#### INFORMATION SHOWN
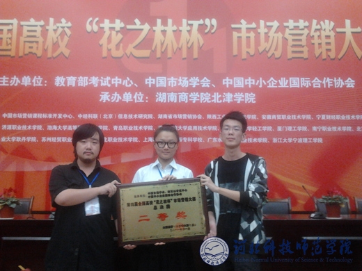 2011年11月3日至4日,第四届全国高校市场营销大赛总决赛在湖南商学院北津学院举行。本次大赛由教育部考试中心、中国市场学会、中国中小企业国际合作协会主办,共有近千所本科高校、高职高专院校的2000多支代表队参赛。在卢锡慧教授指导下,完美网页版欧美学院商务管理系2009级市场营销本科专业学生刘萌潜、金宏宇及2009级工程管理本科专业王乔三人组成的代表队完成作品《移动新闻管家鹿泉地区销售计划》营销案例参加了大赛的软件对抗赛、文案讲述、答辩、小组赛、终极PK等比赛程序,最终取得了总决赛二等奖的优异成绩。
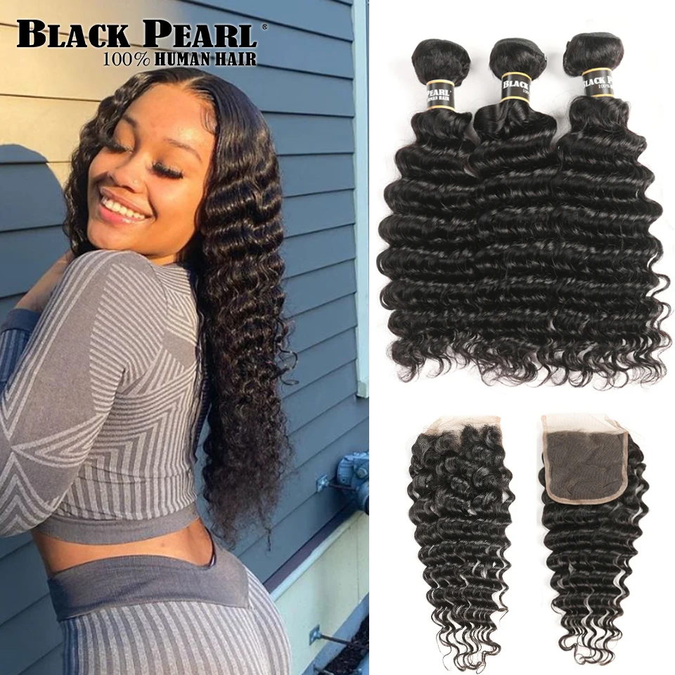 Name: Mechones de onda profunda con Perla Negra, cabello de Malasia Remy, mechones de 30 pulgadas con cierre, 3 mechones
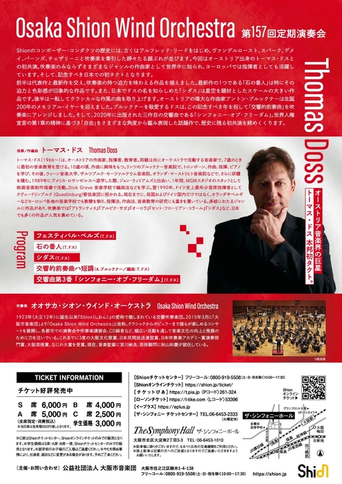 オーストリア音楽界の巨星トーマス・ドス、本邦初タクト❗️「Osaka Shion Wind Orchestra 第157回定期演奏会」プログラム全曲発表❗️

#### REQUIRED WORK
Return the lines from the one that contains "Name: Mechones de" through the final line of the listing above, inclusive. Transcribe them exactly and drop the pictures.

#### WRITTEN SOLUTION
 Name: Mechones de onda profunda con Perla Negra, cabello de Malasia Remy, mechones de 30 pulgadas con cierre, 3 mechones
 オーストリア音楽界の巨星トーマス・ドス、本邦初タクト❗️「Osaka Shion Wind Orchestra 第157回定期演奏会」プログラム全曲発表❗️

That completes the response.